Dataset section
• • • • • • •

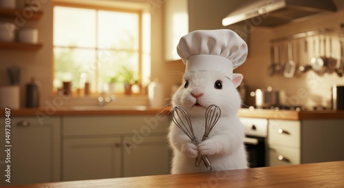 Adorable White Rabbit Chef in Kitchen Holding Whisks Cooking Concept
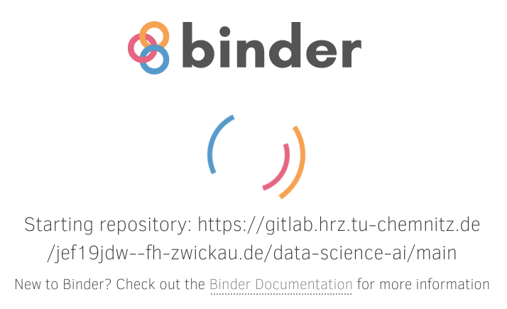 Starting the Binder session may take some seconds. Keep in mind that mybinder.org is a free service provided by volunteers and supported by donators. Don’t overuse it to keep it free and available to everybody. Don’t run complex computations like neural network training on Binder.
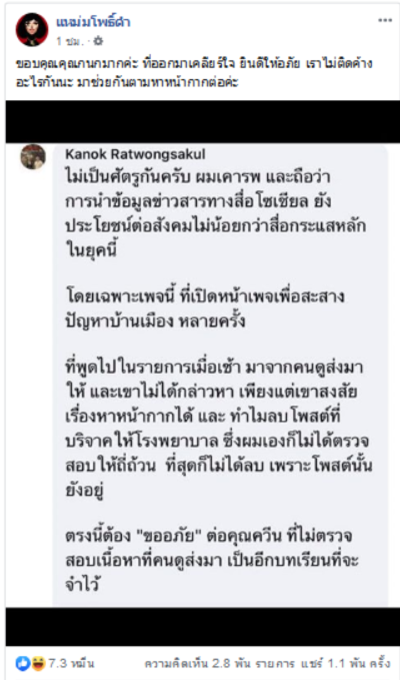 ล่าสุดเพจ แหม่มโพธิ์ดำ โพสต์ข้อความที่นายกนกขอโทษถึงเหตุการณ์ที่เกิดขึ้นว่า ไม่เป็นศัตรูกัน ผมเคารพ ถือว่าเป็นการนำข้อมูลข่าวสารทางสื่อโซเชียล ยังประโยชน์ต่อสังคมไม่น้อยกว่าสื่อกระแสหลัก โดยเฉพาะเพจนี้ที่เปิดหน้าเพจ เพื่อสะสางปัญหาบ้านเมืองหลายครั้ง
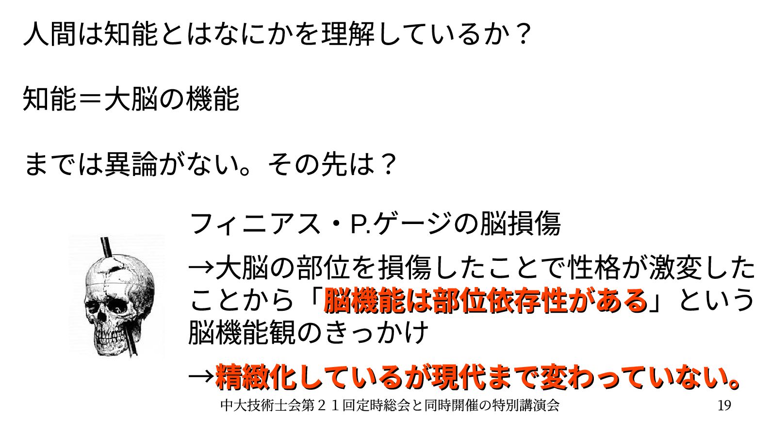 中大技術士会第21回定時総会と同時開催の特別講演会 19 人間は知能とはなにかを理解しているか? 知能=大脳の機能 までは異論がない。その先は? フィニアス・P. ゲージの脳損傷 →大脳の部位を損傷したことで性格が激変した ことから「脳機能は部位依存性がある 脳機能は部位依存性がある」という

• • • • • • •

Task goal
Leaving the images out, retype all the material above exactly.

Solved exercise
 Adorable White Rabbit Chef in Kitchen Holding Whisks Cooking Concept
 Starting the Binder session may take some seconds. Keep in mind that mybinder.org is a free service provided by volunteers and supported by donators. Don’t overuse it to keep it free and available to everybody. Don’t run complex computations like neural network training on Binder.
 ล่าสุดเพจ แหม่มโพธิ์ดำ โพสต์ข้อความที่นายกนกขอโทษถึงเหตุการณ์ที่เกิดขึ้นว่า ไม่เป็นศัตรูกัน ผมเคารพ ถือว่าเป็นการนำข้อมูลข่าวสารทางสื่อโซเชียล ยังประโยชน์ต่อสังคมไม่น้อยกว่าสื่อกระแสหลัก โดยเฉพาะเพจนี้ที่เปิดหน้าเพจ เพื่อสะสางปัญหาบ้านเมืองหลายครั้ง
 中大技術士会第21回定時総会と同時開催の特別講演会 19 人間は知能とはなにかを理解しているか? 知能=大脳の機能 までは異論がない。その先は? フィニアス・P. ゲージの脳損傷 →大脳の部位を損傷したことで性格が激変した ことから「脳機能は部位依存性がある 脳機能は部位依存性がある」という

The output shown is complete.